#### Data to process ####

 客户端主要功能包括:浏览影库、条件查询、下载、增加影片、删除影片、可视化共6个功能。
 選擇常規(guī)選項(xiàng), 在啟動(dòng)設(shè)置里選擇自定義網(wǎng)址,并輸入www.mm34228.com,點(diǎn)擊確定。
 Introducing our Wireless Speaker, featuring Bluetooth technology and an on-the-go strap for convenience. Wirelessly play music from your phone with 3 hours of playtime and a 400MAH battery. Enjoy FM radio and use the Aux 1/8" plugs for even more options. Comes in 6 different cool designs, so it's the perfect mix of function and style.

####
#### Data to process ####

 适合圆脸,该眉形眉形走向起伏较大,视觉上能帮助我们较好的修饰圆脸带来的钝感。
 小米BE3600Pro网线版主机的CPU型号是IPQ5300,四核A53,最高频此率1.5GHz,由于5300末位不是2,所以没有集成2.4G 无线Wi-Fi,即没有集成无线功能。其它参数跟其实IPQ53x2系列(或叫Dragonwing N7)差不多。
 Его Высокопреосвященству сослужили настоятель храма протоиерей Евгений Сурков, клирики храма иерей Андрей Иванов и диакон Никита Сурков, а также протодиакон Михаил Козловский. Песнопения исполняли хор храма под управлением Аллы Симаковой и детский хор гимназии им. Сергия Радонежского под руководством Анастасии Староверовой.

####
#### Data to process ####

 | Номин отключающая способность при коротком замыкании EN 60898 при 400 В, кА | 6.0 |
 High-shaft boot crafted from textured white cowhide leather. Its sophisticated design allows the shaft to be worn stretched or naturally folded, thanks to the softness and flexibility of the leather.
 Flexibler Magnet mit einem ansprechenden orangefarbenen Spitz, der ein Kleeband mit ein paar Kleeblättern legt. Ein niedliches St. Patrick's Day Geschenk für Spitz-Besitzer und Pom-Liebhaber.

####

=== What to work on ===
Reproduce the lines above, beginning at the line with "适合圆脸,该眉形眉形走向起伏较大,视觉上能帮助我们较好的修饰圆脸带来的钝感。" and stopping after the line with "Его Высокопреосвященству сослужили", exactly as they are.

=== Task result ===
 适合圆脸,该眉形眉形走向起伏较大,视觉上能帮助我们较好的修饰圆脸带来的钝感。
 小米BE3600Pro网线版主机的CPU型号是IPQ5300,四核A53,最高频此率1.5GHz,由于5300末位不是2,所以没有集成2.4G 无线Wi-Fi,即没有集成无线功能。其它参数跟其实IPQ53x2系列(或叫Dragonwing N7)差不多。
 Его Высокопреосвященству сослужили настоятель храма протоиерей Евгений Сурков, клирики храма иерей Андрей Иванов и диакон Никита Сурков, а также протодиакон Михаил Козловский. Песнопения исполняли хор храма под управлением Аллы Симаковой и детский хор гимназии им. Сергия Радонежского под руководством Анастасии Староверовой.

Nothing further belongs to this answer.